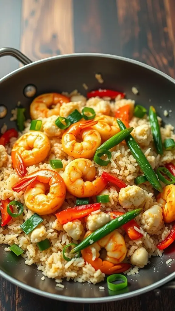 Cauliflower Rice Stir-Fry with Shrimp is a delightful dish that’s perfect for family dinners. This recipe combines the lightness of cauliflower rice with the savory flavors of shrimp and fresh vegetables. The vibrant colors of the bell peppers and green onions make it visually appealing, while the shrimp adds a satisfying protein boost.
━━━━━━━━━━━━━━━━━━━━
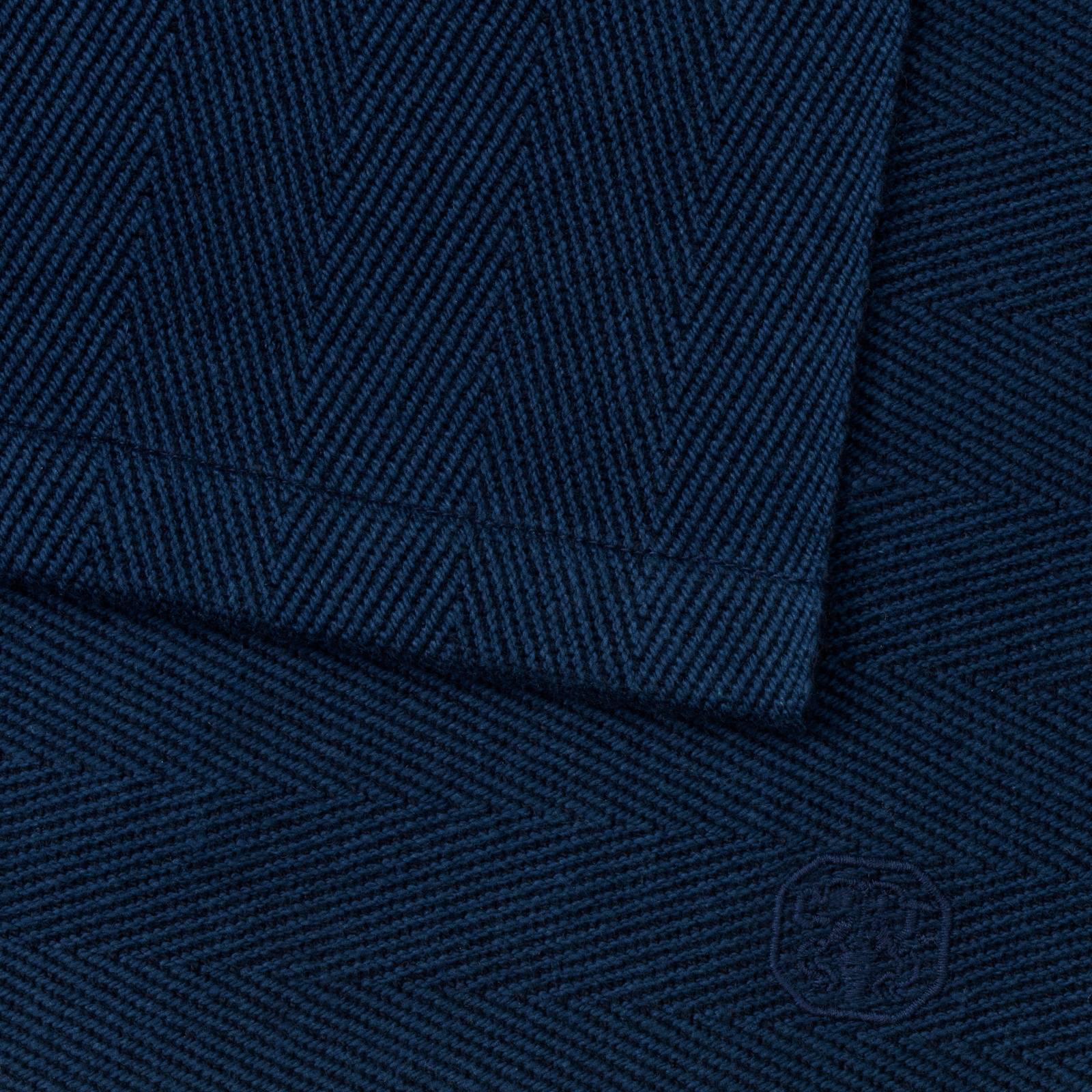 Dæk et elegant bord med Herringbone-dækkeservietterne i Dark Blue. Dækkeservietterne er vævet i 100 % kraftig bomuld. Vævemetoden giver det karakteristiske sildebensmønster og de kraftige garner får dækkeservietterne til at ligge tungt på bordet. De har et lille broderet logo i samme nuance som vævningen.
━━━━━━━━━━━━━━━━━━━━
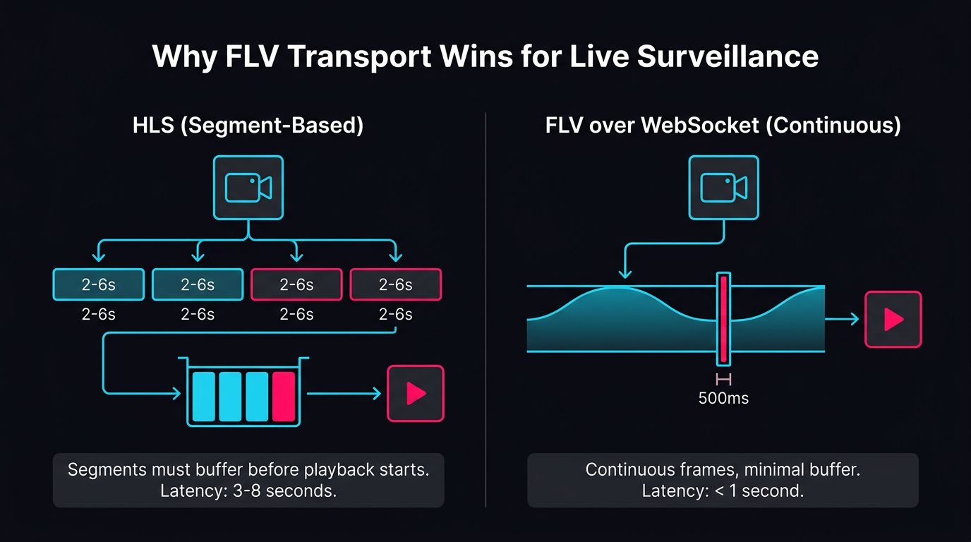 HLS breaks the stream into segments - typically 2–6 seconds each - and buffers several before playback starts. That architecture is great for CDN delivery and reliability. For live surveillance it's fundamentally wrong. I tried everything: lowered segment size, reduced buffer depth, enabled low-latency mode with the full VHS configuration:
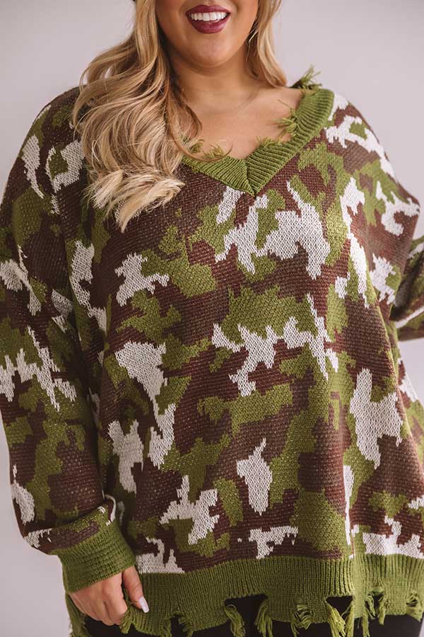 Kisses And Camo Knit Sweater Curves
━━━━━━━━━━━━━━━━━━━━
**What is required**
From the data above, retype only the lines starting with the line with "HLS breaks the" and going on through the line with "Kisses And Camo Knit Sweater Curves", exactly, leaving out the pictures.

**Problem solution**
 HLS breaks the stream into segments - typically 2–6 seconds each - and buffers several before playback starts. That architecture is great for CDN delivery and reliability. For live surveillance it's fundamentally wrong. I tried everything: lowered segment size, reduced buffer depth, enabled low-latency mode with the full VHS configuration:
 Kisses And Camo Knit Sweater Curves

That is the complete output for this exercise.